By: David Wood
Directed by: Angus Jackson
Venue: Chichester Festival Theatre
Date: Friday 4th February 2011
This was a sweet little story, with a surprising amount of darkness, and unusual in that it clearly worked for audience members of all ages. I hadn’t read the original book, nor seen the TV version (Steve had), so I came to this completely fresh. I enjoyed it more than I expected, and although this was early in the run (it starts at Chichester and then goes on tour), I felt that they’d got up to a good standard already, no mean feat given that there are three teams of children to cover the tour dates.
The play tells the story of young William, who is evacuated prior to the outbreak of WWII, along with many other London children. He’s billeted on an old curmudgeon called Tom Oakley (as William’s surname is Beech, I thought they were well matched). [Actually, it’s Beach, so not such a good match except sound-wise] Naturally, the child overcomes his difficulties which were due to the abuse he’s suffered from his mother, while the old man learns to open his heart again after many years mourning his lost wife and baby. In other hands, this could be sentimental schmaltz, but here it’s a moving tale, with many ups and downs, and a real feeling of the community that William ends up being part of. About the only thing missing was the grown-up William as narrator, and possibly all the better for that. There was a good balance between the two stories, with neither of the main characters dominating, and good support from everyone else, especially Sammy the dog.
Now, they say never work with children or animals. We’ve also seen that puppets can be a problem as well. So when we get animal puppets within a few minutes, we know we’re in for a good time, while the actors…… Well, the actors will just have to accept they’re being permanently upstaged. At the post show, Angus Jackson told us that he’d made a similar comment to Oliver Ford Davies during rehearsal, to the effect that he needn’t worry about how he said a particular line as there would be a dog on stage at that point, so no one would be listening to him.
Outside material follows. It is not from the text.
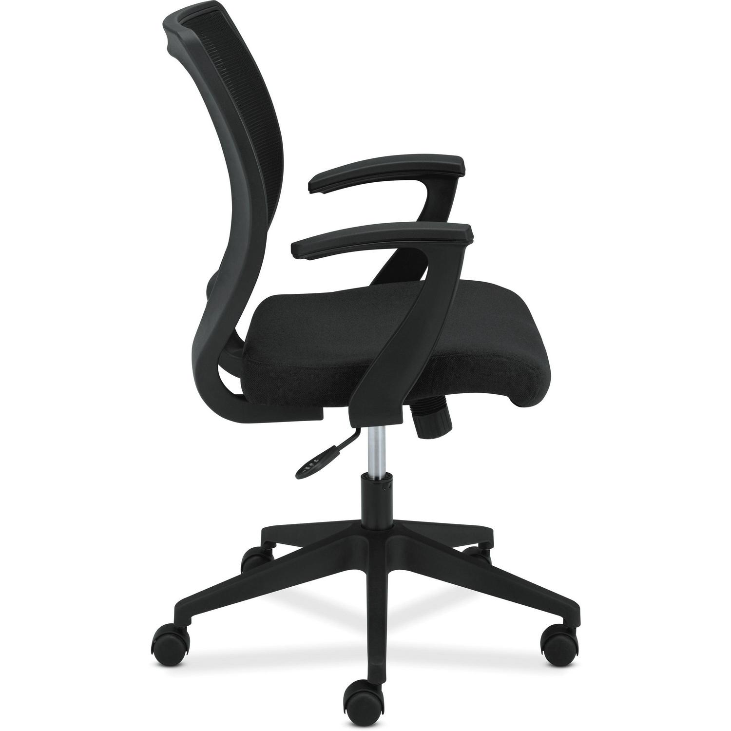 Mid-back work chair offers a supportive mesh back and mesh seat for responsive seating. Fixed-position T-arms provide straight-forward support for forearms in nondemanding applications. Distance between arms is 18-1/2″, and the height from the seat is 9-1/8″. Functions include 360-degree swivel, pneumatic seat-height adjustment from 17-1/2″ to 22″, tilt, tilt tension, and tilt lock. Tilt allows a comfortable rocking/reclining motion. Tilt tension adjusts the amount of resistance when reclining to accommodate individual weight and work styles. Tilt lock secures the chair in an upright position for constant back support when not reclining. Five-star base features 2″ diameter dual black wheels and injection-molded plastic. Arms are also made with black injection-molded plastic and built-in polyurethane arm pads for comfort.

Sammy was lovely. Laura Cubitt, who ‘played’ Sammy, was remarkable, even getting the dog to breathe while he was sitting or lying down, waiting for the next bit of action. In the post-show, she was asked if she’d done any ballet training, and she had, but even so, she found herself getting stiff sometimes with the awkward positions, so Sammy occasionally moved around a bit, sniffing things, to give her a break.
The set worked pretty well, although I felt it was one area which may improve with practice. There are a lot of changes, and occasionally the pace slowed a little too much for me in the first half, although the second half worked much better. The platform in the middle of the stage which served as just about everything from a train platform to a stage to Mr Tom’s house to a shop to everywhere else in the country, rose up reveal the dingy, grimy flat where William’s mother lives, and to which William returns, reluctantly, to find he has a baby sister. His mother is clearly a nutter – she’s obsessive about denying William any fun, and has rules forbidding any sort of normal life, although as she’s produced another baby she’s clearly a hypocrite where sex is concerned. She ties William up under the eaves and leaves him with the baby cradled in his arms, and when Mr Tom finds them (he’s come to London because he’s worried about not hearing anything from William for weeks), the baby is dead.
William ends up in hospital, and because his mother can’t be found, the authorities are about to send him to a special nursing home where he can be tortured by psychiatrists instead. Mr Tom helps him escape, and takes him back to Dorset, where eventually he adopts William as his own son. All looks good for the lad, until his best friend, ????, also returns to London when his father dies, and gets killed by a bomb. It’s a tough time for William, and for us, but overall, we manage to get through it with the help of Mr Tom and Sammy (especially Sammy).
This was a very good production, and I hope they have a great time on tour. I wouldn’t mind seeing it again if it comes back this way.